Cancer drugs exist today that can give not just months, but years of life back to patients, which seems like a medical miracle. The catch is what they cost — because prices are soaring — along with every other medical cost. In excess of a hundred thousand dollars a year for some drug, and not all picked up by insurance. Some consider that extortion: your money for your life. Even some cancer doctors are complaining it’s gone too far. So should the market determine the price of life-extending drugs, or should there be limits set? This hour On Point: the financial ethics of miracle medicine.
-- John Donvan

Guests

Andrew Pollack, biotechnology reporter for the New York Times.

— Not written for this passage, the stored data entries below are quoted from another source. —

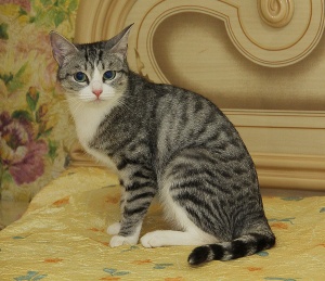 Кошка возрастом около 1-2 года, ходит без промаха в лоток с древесным наполнителем, кушает сухой корм и влажнички, стерилизована, обработана от паразитов.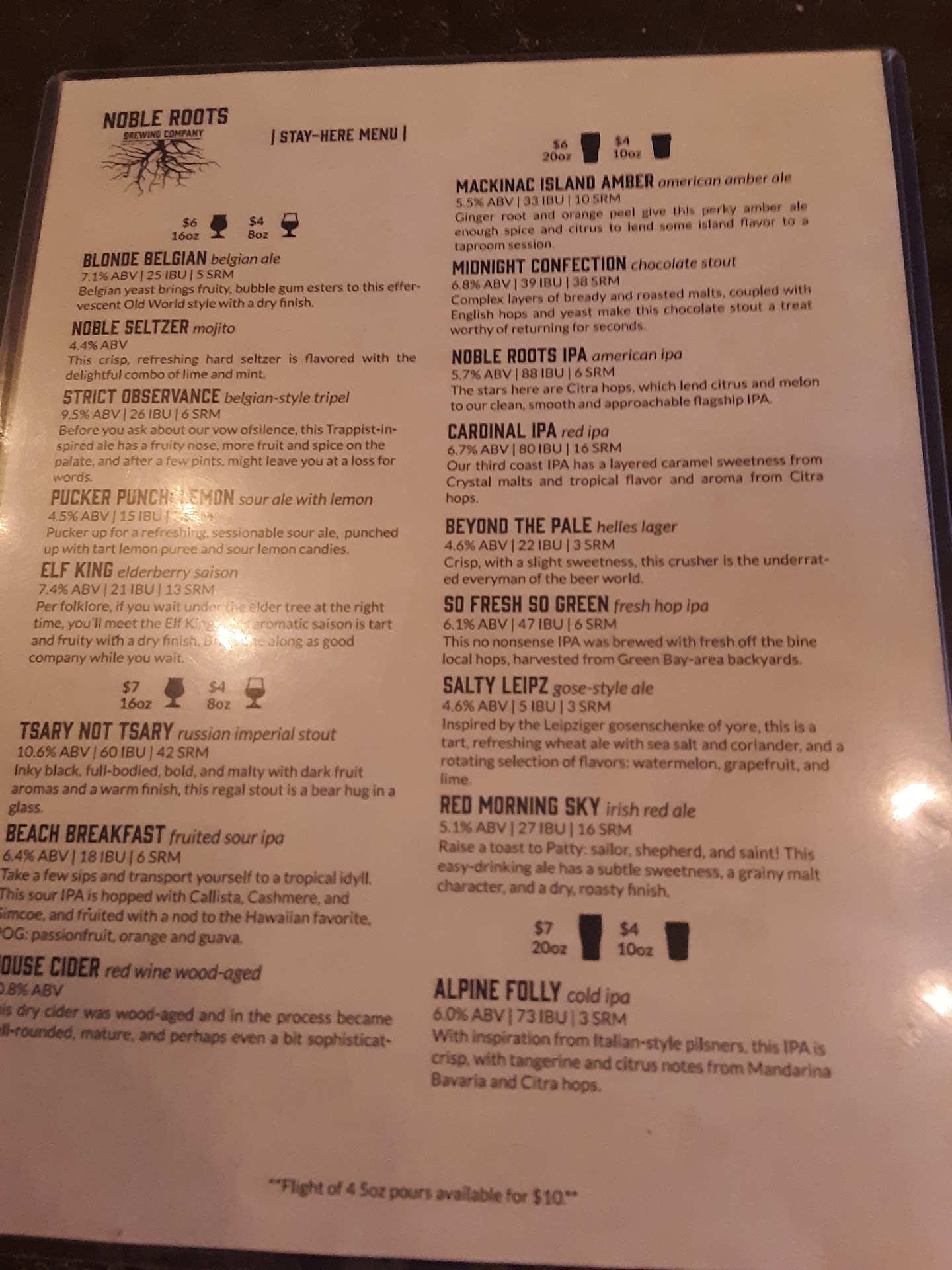 Read moreThis place is a must stop for any beer enthusiast and anyone considering becoming a craft beer lover. Absolutely the best brewery in Green Bay at least, if not all of Wisconsin. Highly recommended to everyone and anyone. LOVE NOBLE ROOTS. One of the highest compliments I can offer Alex (head brewmaster) is that every beer he produces represents the style well. Every other week they release a new small batch "Garage Series" that provides a new tap to try every time I go. The entire team at Noble Roots delivers wonderful cheerful service and take pride in their excellent brewery, and...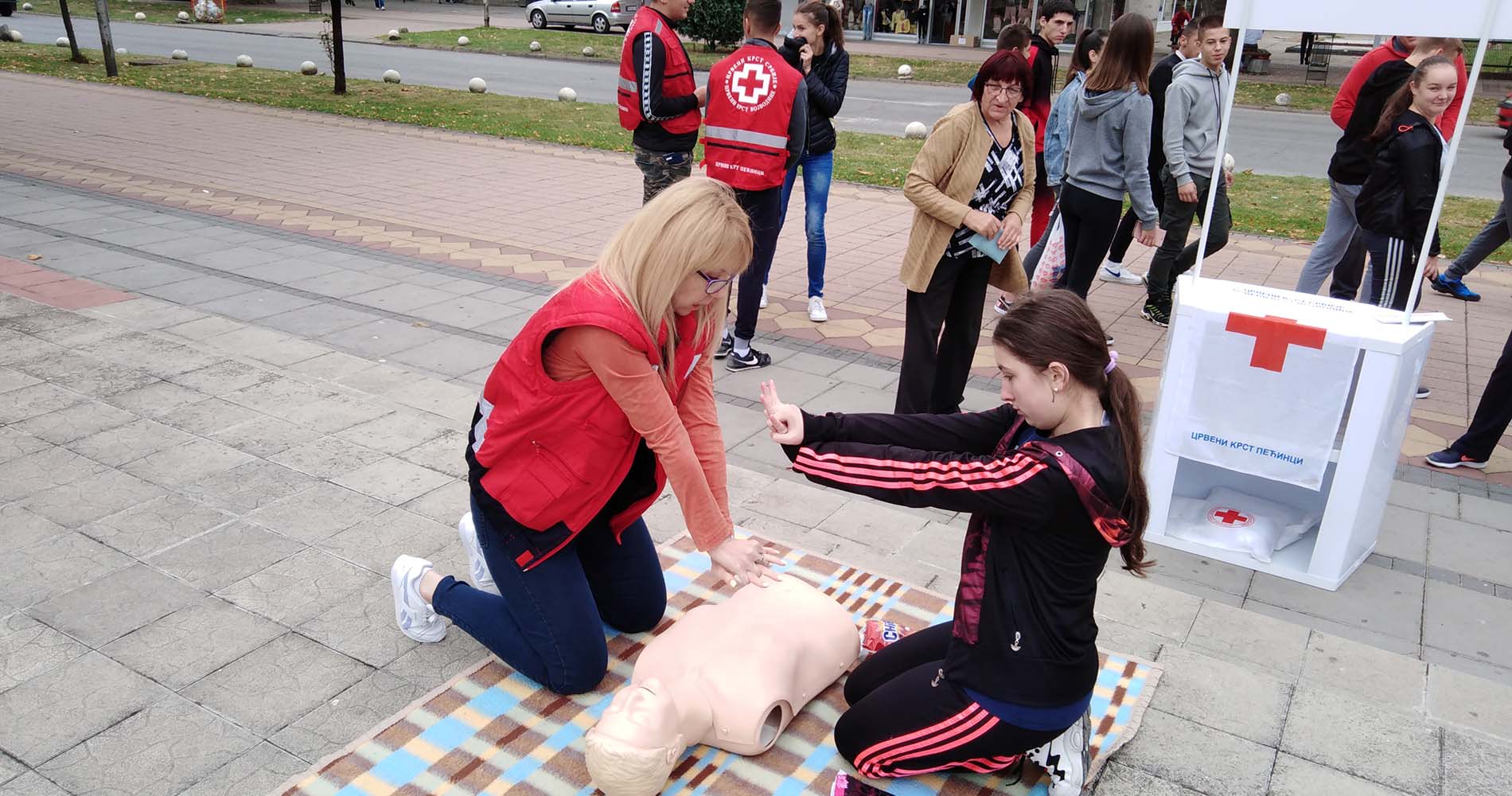 “Takođe, održali smo i promotivnu akciju na platou u centru Pećinaca, tokom koje smo demonstrirali prvu pomoć, gde su ujedno volonteri Crvenog krsta postavili štand i delili promotivni materijal. Svi zainteresovani građani mogli su da prisustvuju i aktivno se uključe u informisanje o merama prevencije povređivanja i merama prve pomoći, jer svako od nas može biti u prilici da mu je potrebna prva pomoć. U isto vreme svako od nas može i da nauči da pruži prvu pomoć” – rekla je Konjević i dodala da će Crveni krst Pećinci češće organizovati „dan otvorenih vrata“ za sve zainteresovane i na taj način učiniti dostupnim učenje prve pomoći onim građanima koji nemaju zakonsku obavezu (vozači i zaposlena lica), a žele da steknu znanje iz ove oblasti.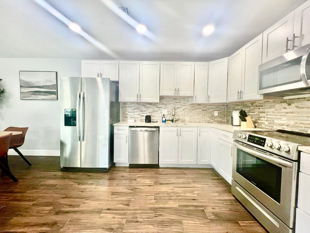 Welcome to our newly renovated executive standalone house, featuring modern furnishings, high-end appliances, and luxurious amenities. Relax in the spacious living room, cook a gourmet meal in the fully equipped kitchen, or unwind on the large patio with comfortable outdoor furniture. You'll love the jet massage shower, soft king size bed, and quiet location. Enjoy a private entrance, two dedicated parking spots, and smart 65" TV. Book now for a convenient and luxurious stay in West Palm Beach.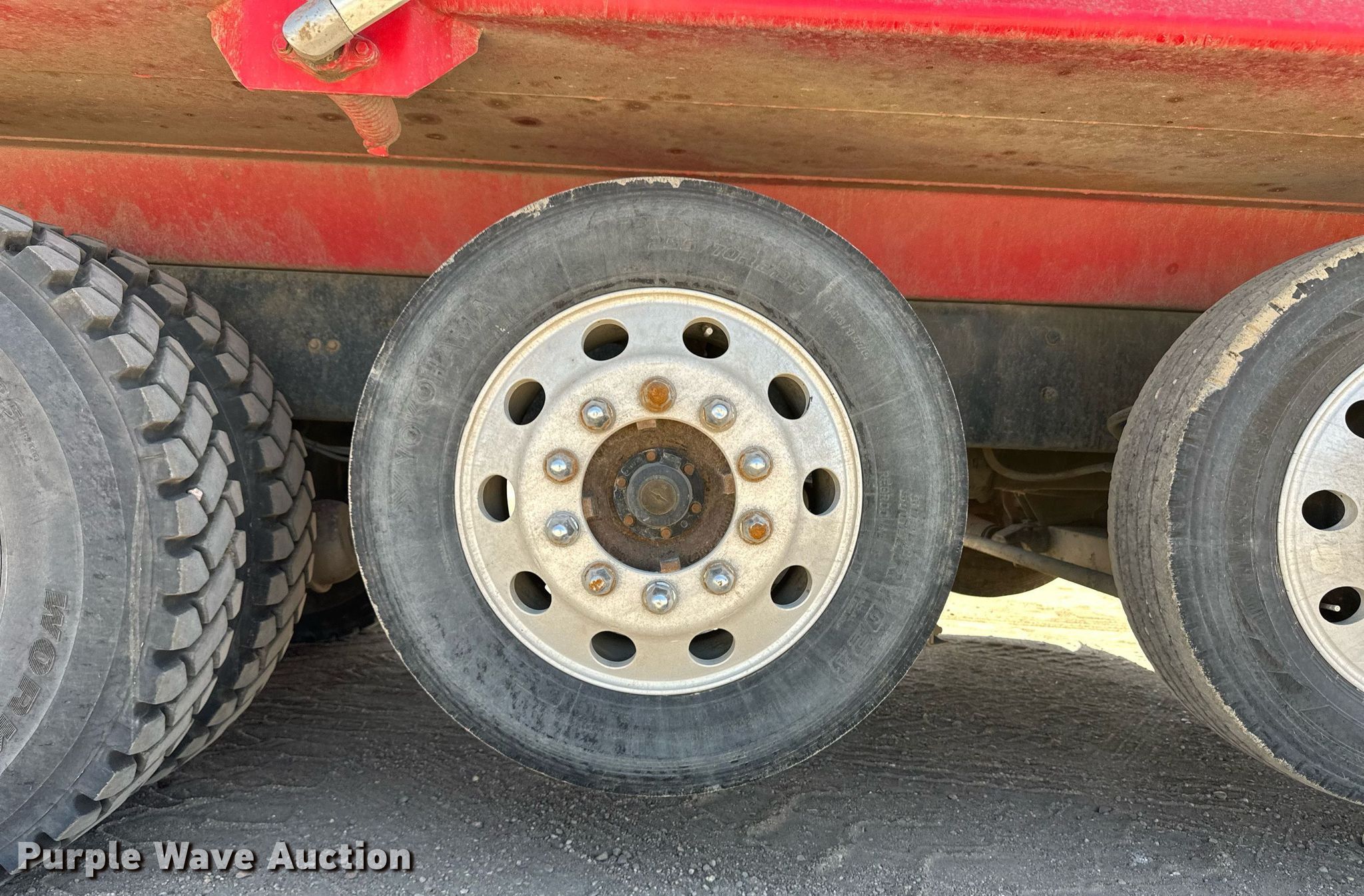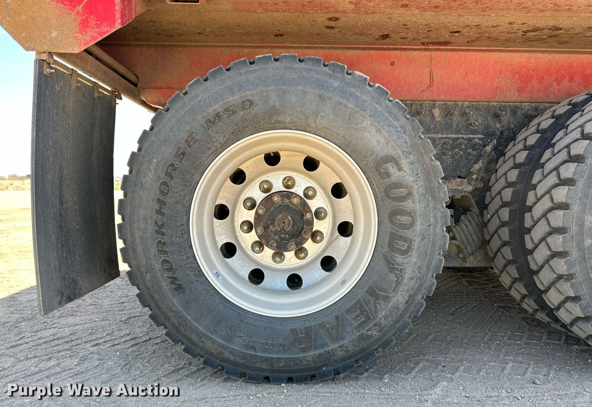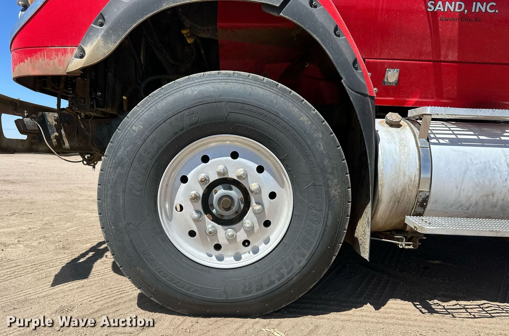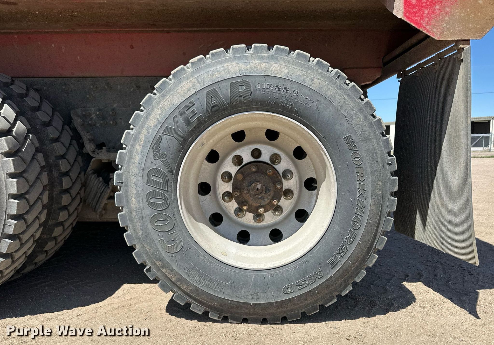 2013 International WorkStar 7600 dump truck. Miles: 691,572 on odometer, Hours: 21,515 on meter, VIN: 1HTGSSJT5DJ235512. Engine International, Displacement: 13L, Cylinders: 6, Fuel type: Diesel. Transmission Eaton Fuller, Manual. Chassis Axles: 4, Pusher axle Steerable, Differential lock: Full, Suspension: Spring over walking beam, Brakes: Air, PTO, Wheelbase: 590". Interior AC, Heat, Heated mirrors, Power windows, Cruise control. Features Dump bed 18' L x 99" W, Bed type: Steel, Roll tarp, Ram: Single, End gate: Air operated. Tires Front: 425/65R22.5, Rear: 11R22.5, Lift axle: 255/70R22.5. Notes Dash warning indicator: Check engine, ABS. Kansas title. Title distribution may be delayed up to 14 days from verification of funds. Huber Sand Inc.. Garden City, KS 67846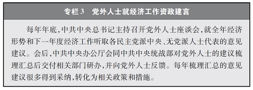 围绕国家方针政策的制定和重大战略的实施献计出力。就国家政治、经济、社会生活中的全局性、战略性、前瞻性重大问题开展考察调研,提出意见建议,是各民主党派、无党派人士发挥作用的重要渠道。多年来,各民主党派中央、无党派人士围绕“一带一路”建设、京津冀协同发展、长江经济带发展、粤港澳大湾区建设、长三角一体化发展、创新驱动引领高质量发展、推进供给侧结构性改革等关系国计民生的重大问题深入考察调研,向中共中央、国务院提出的许多意见建议被采纳。中国共产党积极完善知情明政机制、考察调研机制、工作联系机制、协商反馈机制,为各民主党派、无党派人士知情出力创造条件。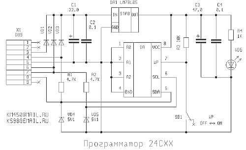 * - для этого варианта А0 (1 нога панельки DA) должна быть подключена к VCC (8 нога панельки DA). Программатор не требует отдельного питания и подключается к COM порту комппьютера. Схема программатора представлена на Рис1. Схема не представляет собой ничего особенного кроме одного момента. В качестве источника питания в авторском варианте применен стабилизатор на микросхеме LM2936Z-5. Причем специально указано что не рекомендуется ее заменять на микросхемы типа LM78L05. Стал сравнивать и выяснилось следующее. для нормальной работы микросхемы типа LM78L05 требуется входное напряжение не менее 7.5 вольт при собственном потреблении как минимум 3 ма. Это лишняя нагрузка на порт. Микросхема LM2936Z-5 входит в режим стабилизации сразу после 5 вольт при собственном потреблении порядка 10 мка. Все данные взяты из описаний на микросхемы. На сайте www.chipinfo.ru за LM2936Z-5 в зависимости от фирмы просят от 100 до 300 рублей! Мне это показалось накладным для домашнего использования и я все же применил LM78L05. У меня это не сказалось на работе программатора. Компьютер старенький, и видимо порты достаточно мощные. Конструкция и детали.Программатор собран на плате из двустороннего стеклотекстолита и имеет размеры 50*35 мм. Рис.1. Принципиальная схема (щелкните мышью для увеличения) Малые размеры позволяют подключить его непосредственно к COM порту комппьютера. так что кабель к нему паять не придется. На рис.2 указано расположение деталей. Рис.2. Расположение деталей (щелкните мышью для увеличения) Разьем Х1 типа DB9 (мама) использован мною со старой EGA видеокарты. Пришлось спилить головки крепежа до минимума. В магазинах тоже есть, да и не дорого оказалось, также как и панелька (DA). Конденсаторы С1 и С3 планарного (SMD) типа опять же из-за размеров программатора. Стабилитроны VD4 и VD5 на 5.1 вольта. Резисторы типа МЛТ-0.05. Переключатель SB1 - запрет/разрешение записи. Причем в процессе работы выяснилось что положение переключателя на 24C04 влияет, на 24C04EN - нет. Так что кому эта функция не нужна нужно удалить SB1 и R3, а 7 ногу панельки соединить с землей.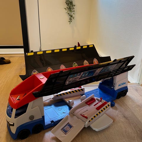 Paw Patrol legetøjslastbil med åbne sider og rampe, designet til leg og opbevaring af figurer eller biler. Lastbilen har en rød, hvid og blå farve og er fremstillet i plastik. Den har funktionelle dele som åbne sider og en udtrækkelig rampe, der giver mulighed for interaktiv leg. Den virker som den skal med lyd. Rampen kan skyde bilerne ud og der kan være 5-6 biler i alt.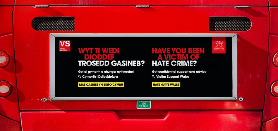 Our Hate Hurts Wales campaign is also live across Wales, promoting Victim Support Wales’ independent, free and confidential support and advice to those dealing with hate crime. With the primary aim of empowering victims to come forward and access the support available to them, the call to action also helps people understand more about what a hate crime is and the importance of reporting it. The campaign ran across multiple targeted OOH formats and a pan-Wales radio campaign, supported by digital on Facebook, Instagram, Google Search, Display and YouTube.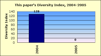 | This newspaper's Newsroom Diversity Index is 0. | This paper | |||||||||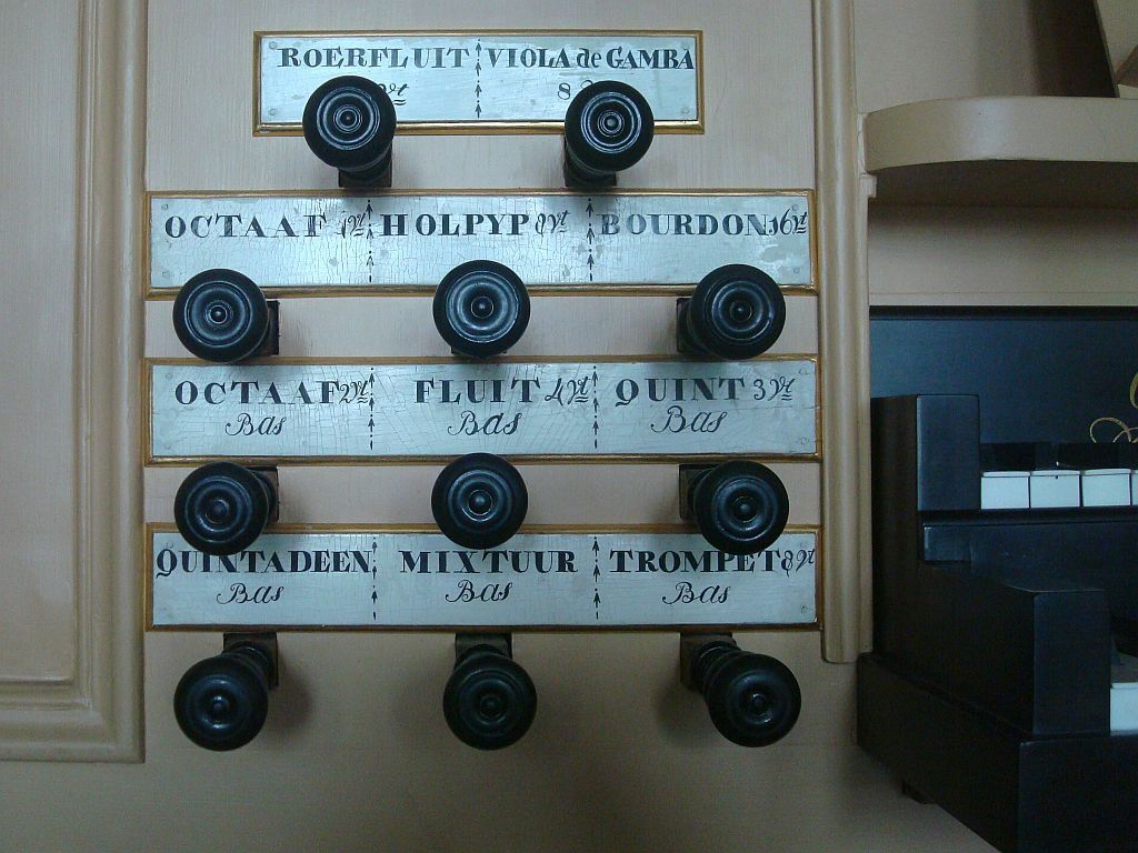 Tweede manuaal: Holfluit 8' - 1867, Viola de Gamba 8' - 1867; C-H uit Holfluit, Roerfluit 4' - 1867.

Dr. Leonard Saltz, chief of gastrointestinal oncology at the Memorial Sloan Kettering Cancer Center.

Robert Zirkelbach, senior vice president of communications at the the pharmaceutical trade group PhRMA. (@robzirk)

From The Reading List

Mayo Clinic Proceedings: In Support of a Patient-Driven Initiative and Petition to Lower the High Price of Cancer Drugs — "The high prices of cancer drugs are affecting the care of patients with cancer and our health care system. In the United States, the average price of new cancer drugs increased 5- to 10-fold over 15 years, to more than $100,000 per year in 2012. A study by Howard et al documented the escalation in cancer drug prices by an average of $8500 a year over the past 15 years. The cost of drugs for each additional year lived (after adjusting for inflation) has increased from $54,000 in 1995 to $207,000 in 2013."

New York Times: Drug Prices Soar, Prompting Calls for Justification — "As complaints grow about exorbitant drug prices, pharmaceutical companies are coming under pressure to disclose the development costs and profits of those medicines and the rationale for charging what they do. So-called pharmaceutical cost transparency bills have been introduced in at least six state legislatures in the last year, aiming to make drug companies justify their prices, which are often attributed to high research and development costs."

The Wall Street Journal: Doctors Object to High Cancer-Drug Prices — "More than 100 oncologists from top cancer hospitals around the U.S. have issued a harsh rebuke over soaring cancer-drug prices and called for new regulations to control them. The physicians are the latest in a growing roster of objectors to drug prices. Critics from doctors to insurers to state Medicaid officials have voiced alarm about prescription drug prices, which rose more than 12% last year in the U.S., the biggest annual increase in a decade, according to the nation’s largest pharmacy-benefit manager."

This program aired on August 5, 2015.